Cycloheximide	Inhibits peptidyl transferase in eukaryotes.
Diphtheria Toxin	Inhibits the activity of EF-G byADP-ribosylation.
Erythromycin	Blocks the entrance to the exit tunnel - which is 7-8 aas away from the peptidyltransferase site.
Fusidic Acid	Blocks the dissociation of eEF-2 during protein synthesis in eukaryotes.
Kanamycin	Causes misreading of the code by interfering with the wobble base pairing.
Kirromycin	Blocks dissociation of GDP from EF-Tu after hydrolysis. This prevents dissociation of EF-Tu from the ribosome and effectively stalls protein synthesis.
Puromycin	Causes premature chain termination. Its structure resembles that of the 3' end of a tyrosyl-tRNA and it participates as a substrate in a peptidyl transferase reaction. [Box26-4-1] However, once it is added to the 3' end of a nascent protein, it does not provide a suitable centre for any further nucleophilic reactions, and protein synthesis is aborted.
Streptomycin	This antibiotic was the first aminoglycoside characterized. It inhibits prokaryotic ribosomes in a couple of ways. It causes misreading by interfering with the normal pairing between codon and anticodon. It can also prevent initiation. Streptomycin resistant bacteria carry an altered S12 subunit. [Box26-4-2]
Tetracycline	Inhibits aminoacyl-tRNA binding to the A site on the ribosome.

Rescuing synthesis on "broken" mRNA in prokaryotes

Bacterial mRNA has a short half-life and is generally degraded quickly. As a result, there is a high probability that the 3'-end of an mRNA will be missing. If this happens, the consequences could be severe. If an mRNA has lost its stop codons, there will be no signals to promote dissociation of the ribosomes. Any ribosomes that have bound to a defective mRNA will therefore stall when they reach the broken end unable to continue and unable to dissociate efficiently.
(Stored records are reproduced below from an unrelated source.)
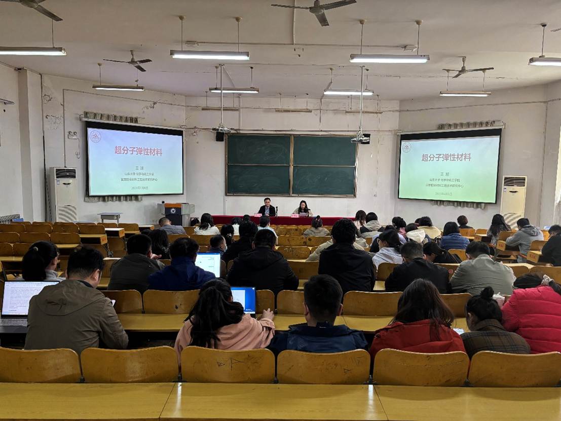 王旭教授围绕研究背景、超分子弹性体、超分子弹性电解质、超分子凝胶材料四大核心板块展开系统讲解。他深入剖析了传统共价键体系材料在可逆性、循环利用等方面的技术瓶颈,创新性地提出以超分子作用取代部分共价键的解决思路,详细阐释了超分子弹性材料“共价-超分子协同”的设计原理。王旭教授结合详实的实验数据、生动的示意图与产业化案例,深入浅出地解读了超分子弹性材料的分子设计、制备工艺及应用前景,为在场教师呈现了超分子化学与高分子材料领域的最新研究进展。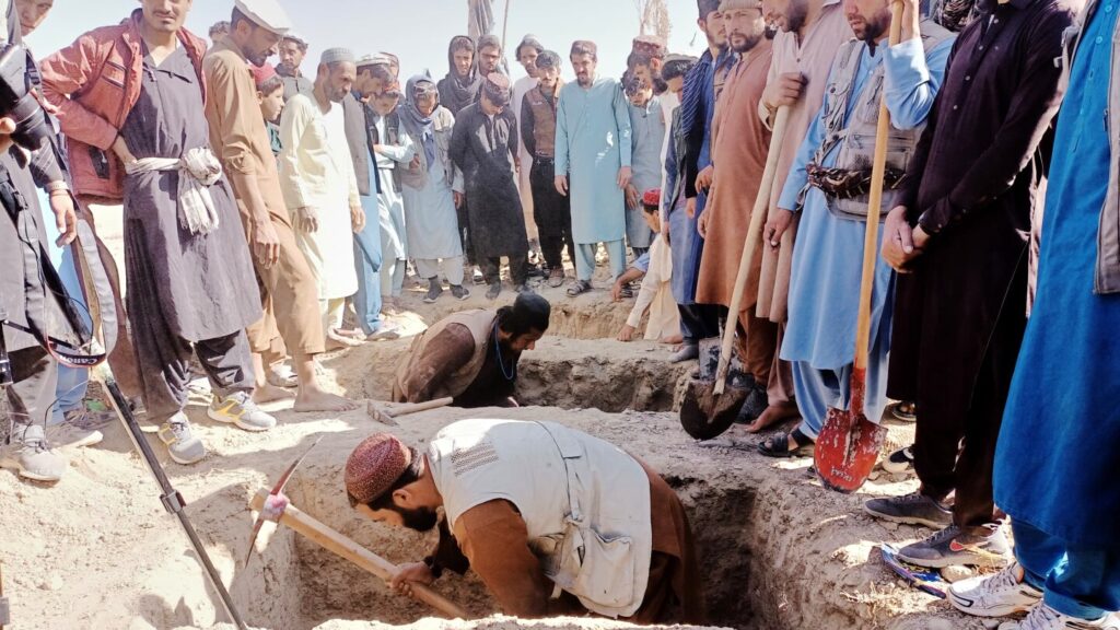 On Saturday, several thousand people attended funeral prayers in Paktika. They sat in the open air as loudspeakers broadcast sermons and condemnation.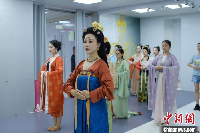 8月19日,廣西柳州,指導(dǎo)老師勞遠霞(前)帶領(lǐng)參賽選手練習(xí)古代傳統(tǒng)禮儀。中新社記者 劉俊聰 攝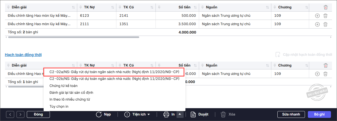 - Trên chứng từ đánh giá lại, nhấn In, chọn in mẫu C2-02a/NS hoặc C2-02b/NS: Giấy rút dự toán ngân sách (Nghị định 11/2022/NĐ-CP).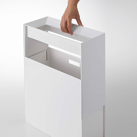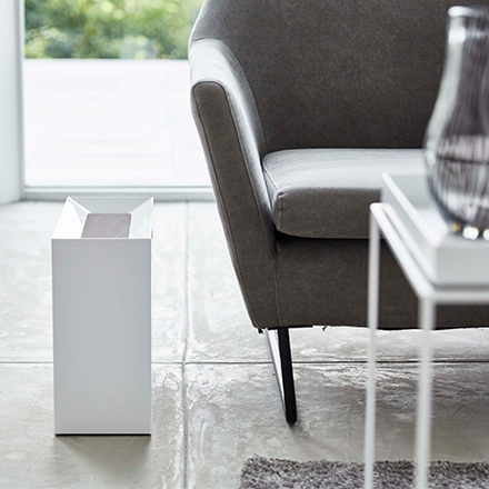 ゴミ袋をセットしても外から見えない、シンプルでスタイリッシュなデザインのゴミ箱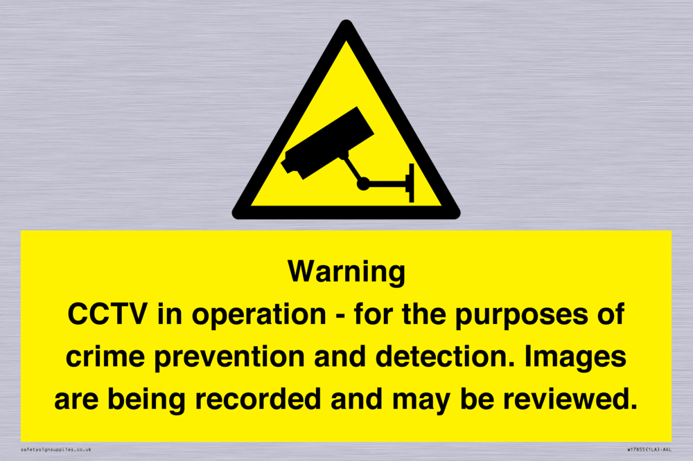 Warning CCTV in operation - for the purposes of crime prevention and detection. Images are being recorded and may be reviewed. Sign

E. coli (and other bacteria) has a mechanism to deal with this situation.

E. coli contains a small RNA, encoded by the ssrA gene, is synthesized as a 457 nt precursor RNA that is processed by RNaseE to a mature 363 nt RNA. This RNA is also known as tmRNA or 10Sa RNA.
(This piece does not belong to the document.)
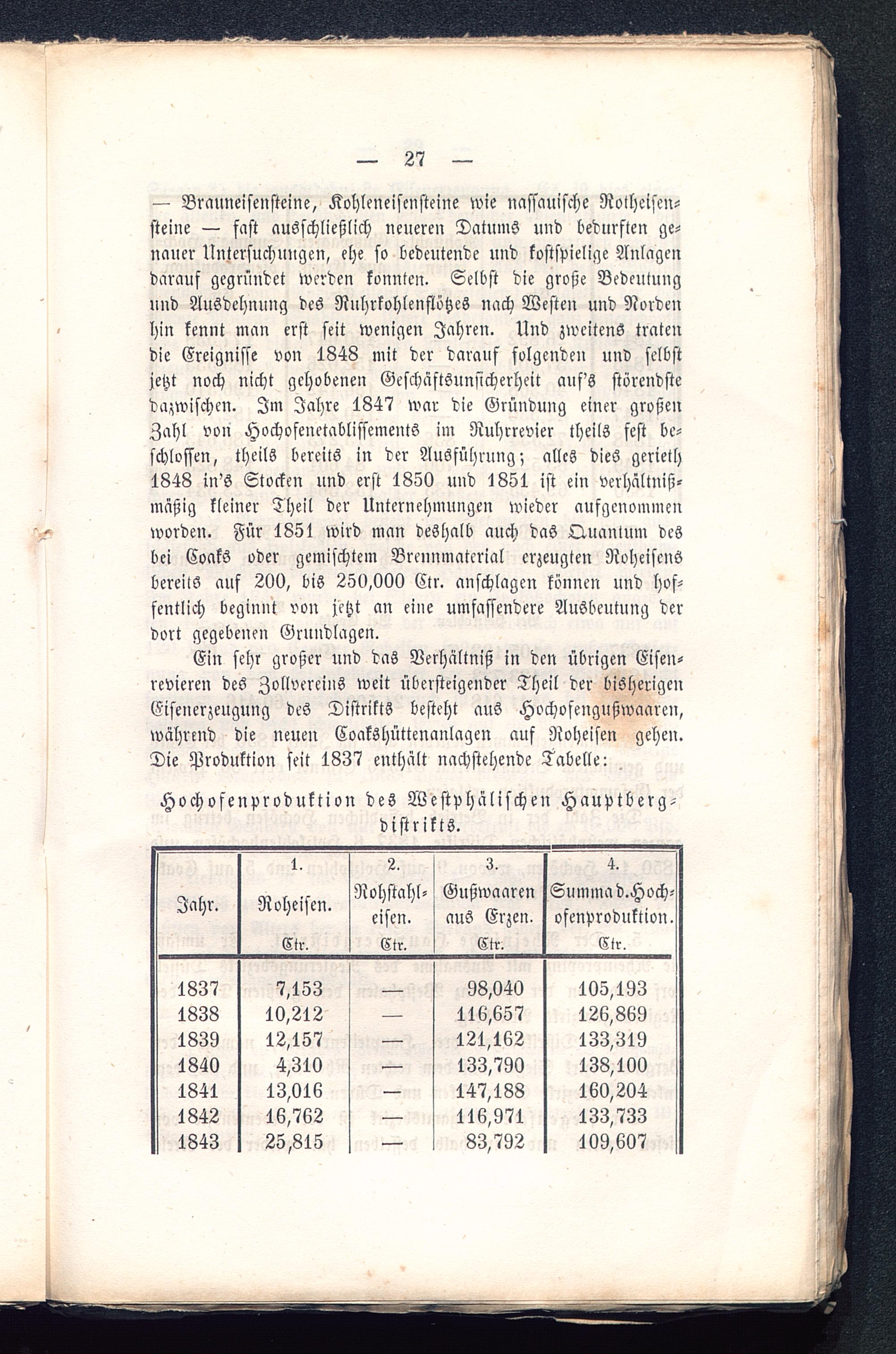 Hochofenproduktion des Westphälischen Hauptberg-distrikts.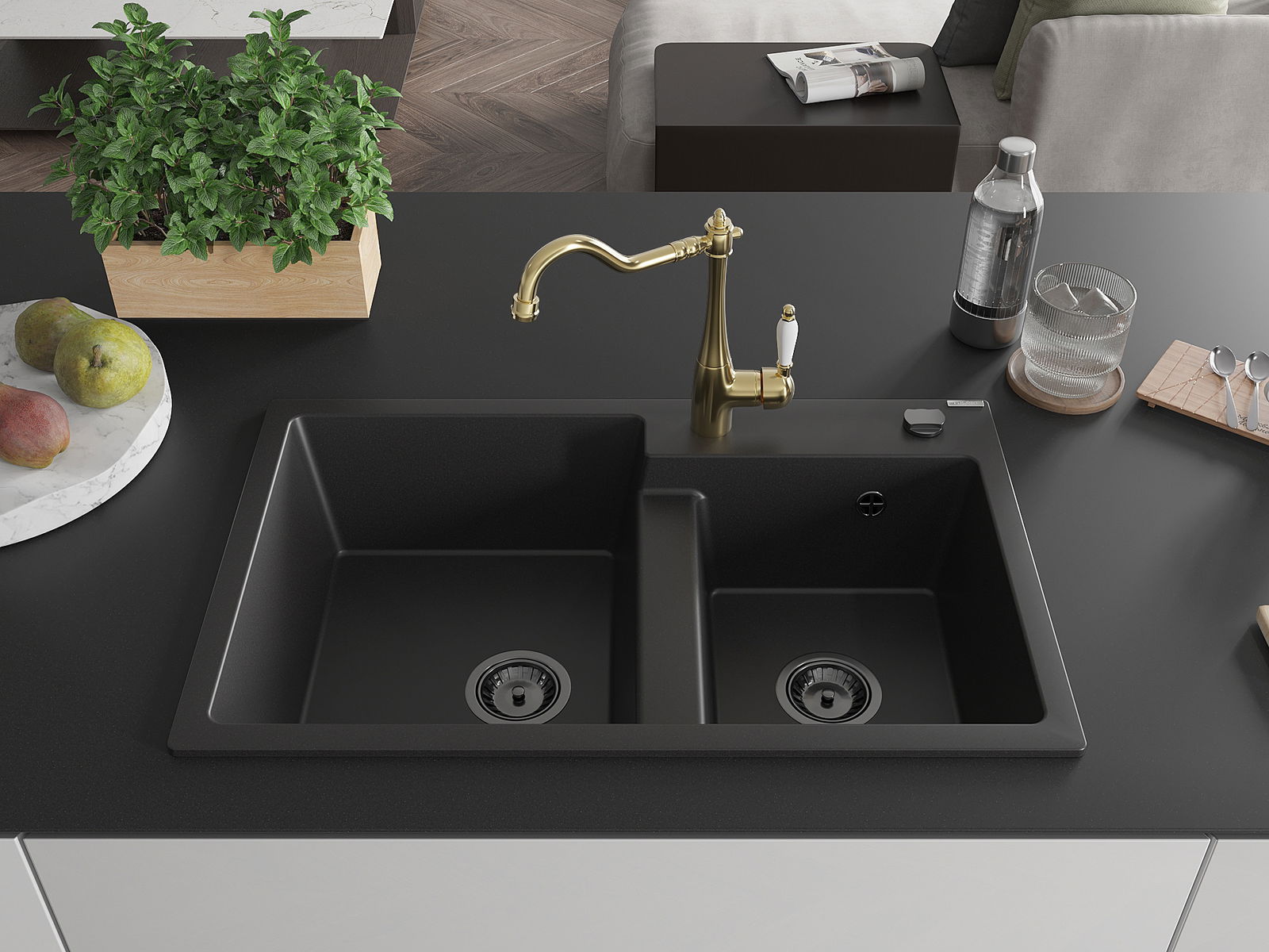Den Ëmwäschbecken ass aus héichwäertege Granit gemaach. Et stellt eng elegant awer virun allem praktesch Ergänzung fir all Kichen duer, onofhängeg vun hirem Stil. Déi héich Qualitéit an Haltbarkeet vum Granit suergen fir méi järelaang Benotzung.

tmRNA has properties of tRNA and mRNA combined in a single molecule. It functions during protein synthesis to rescue ribosomes that have become "stuck" while translating mRNA molecules that have lost their stop codons.

The ssrA RNA has a number of important properties: Its secondary and tertiary structure partially resembles that of tRNA It can be charged with alanine It can be used as an mRNA which codes for a 10 amino acid long oligopeptide: ANDENYALAA.
Image of Escherichia coli tmRNA from the tmRNA Database. Click here to view a three-dimensional structure of the E. coli tmRNA.

 

The mechanism of action of the ssrA RNA is shown in the following figure:

 

Diagram from: SsrA-mediated peptide tagging caused by rare codons and tRNA scarcity E.D.Roche and R.T.Sauer The EMBO Journal, Vol. 18 (16) pp. 4579-4589, 1999

 

When a ribosome stalls, the ssrA RNA charged with alanine is brought to the A-site of the ribosome by the SsrB protein. Peptidyl transferase activity transfers the nascent polypeptide to the alanine attached to ssrA.
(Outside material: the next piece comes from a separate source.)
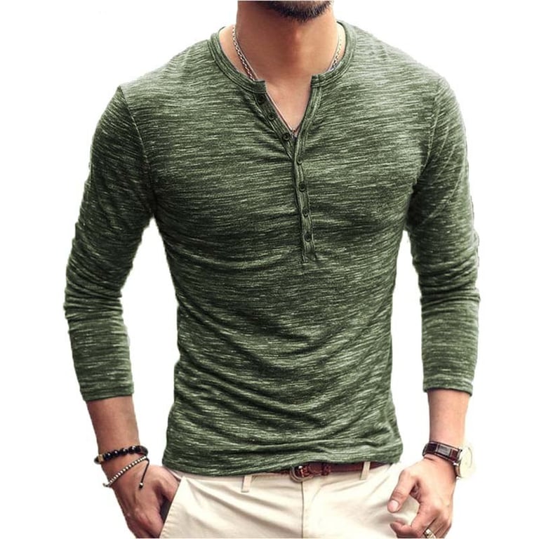 Men's long-sleeve t-shirt with a buttoned neckline. Melange. Fitted cut. Available in multiple colours.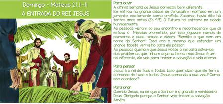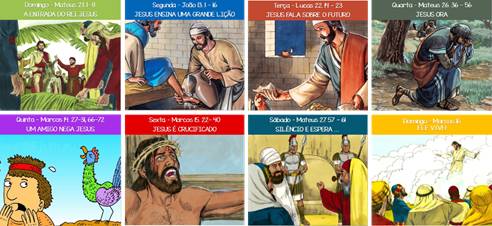 Mostre um calendário desse ano e comente sobre datas que exigem certa preparação como férias, aniversário etc. Mostre que a Páscoa é também uma comemoração que exige preparo e que muitas coisas ocorreram antes da morte e ressurreição de Jesus. Ressalte que foram muitos acontecimentos, mas que você só mostrará alguns.

The mRNA template is also displaced by the ssrA RNA. Further protein synthesis now uses ssrA as a template and ten further amino acids (ANDENYALAA) are added to the C-terminal end of the polypeptide.

However, the final two amino acids that are added (AA) mark the new protein for proteolysis by the two proteases ClpAP and ClpXP.

Thus any proteins that are only partially synthesized by stalled ribosomes can be rapidly destroyed and turned over.